Other dynamics are at work in Lohan's reception by the public as well. As a friend of mine so eloquently stated it "It seems to me that when a woman defies the law she is impudent; when a man does it, he is a rebel." While the antics of Robert Downey Jr. or Lil Wayne or Eminem (or even more famously men like Kurt Cobain or Tupac Shakur or James Dean) are romanticized as the behavior of sexy but troubled outsiders at war with a hostile society, Lohan and other women like her are seen as frivolous, selfish, and incompetent. While men like Michael Jackson or Gary Coleman are rightly seen as being exploited by uncaring parents, thus leading at least in part to their adult troubles, Lohan is solely responsible for her myriad personal and professional shortcomings despite the crass and opportunistic way in which her parents have exploited her looks, money, fame, and talents over the years.

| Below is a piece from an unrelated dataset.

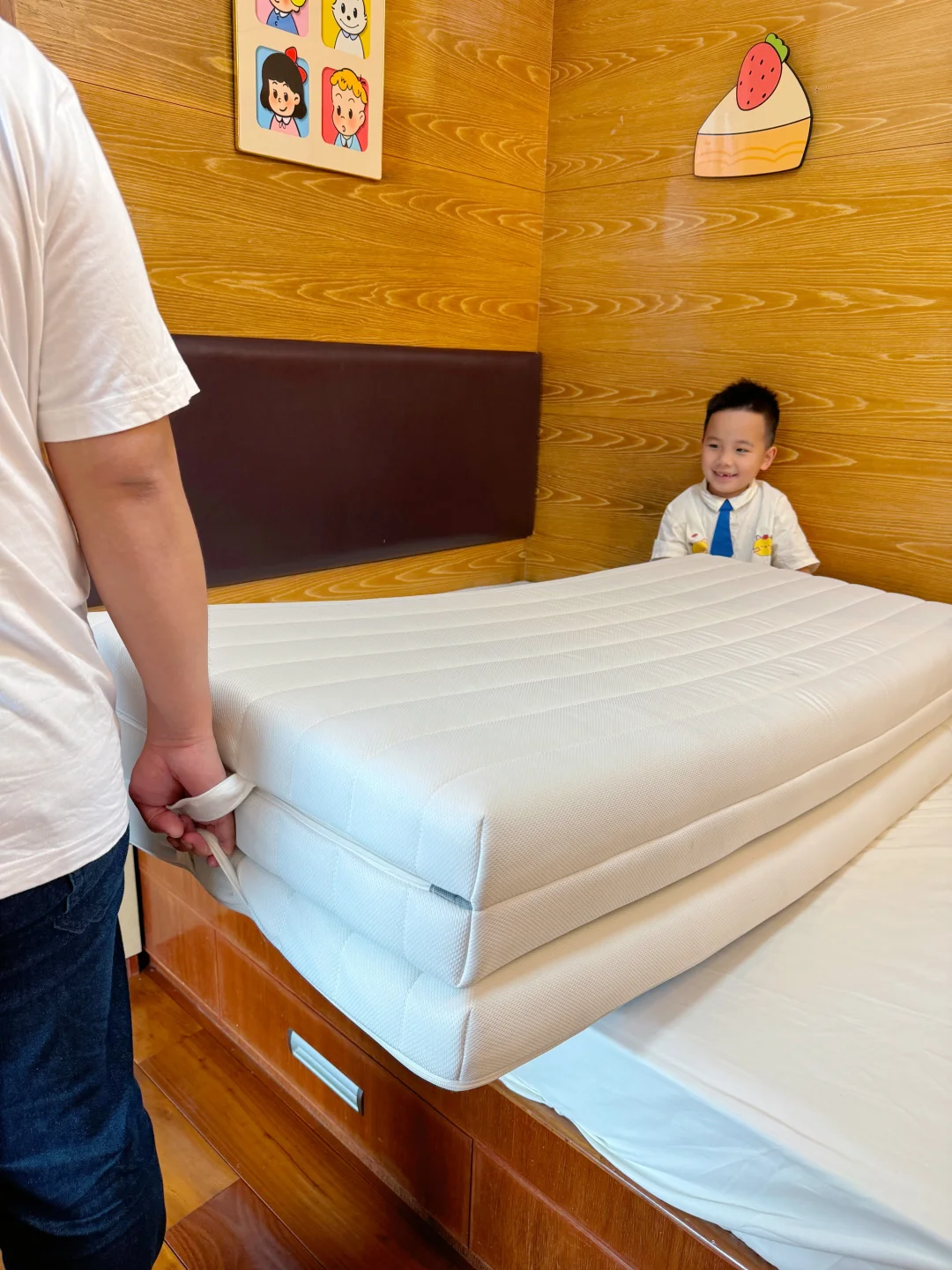 一直生活在广州的我,最头疼的就是回南天😂yeye的床垫三天两头潮乎乎的☔️边角长霉斑不说,拆洗一次累得腰酸背痛——普通床垫又厚又重,扛到阳台晒干简直像搬家。yeye睡觉还不老实,尿渍、汗渍、零食渣全往缝里钻。去年他背上起红疹,👩🏻⚕️一句“可能和床垫潮湿有关”,让我意识到,床垫不仅要舒适,更需要会“呼吸”👃我也因此决定换床垫

Of course, Lindsay Lohan is an adult who is responsible for her own actions, especially when she recklessly risks the live and health of others. Of course driving under the influence of alcohol or any other drug is often a dangerous and poor choice. But the vitriol leveled against Lohan is unique and has its roots in the sexism and heterosexism at the heart of much of society. And we do all of us a disservice when we pretend otherwise.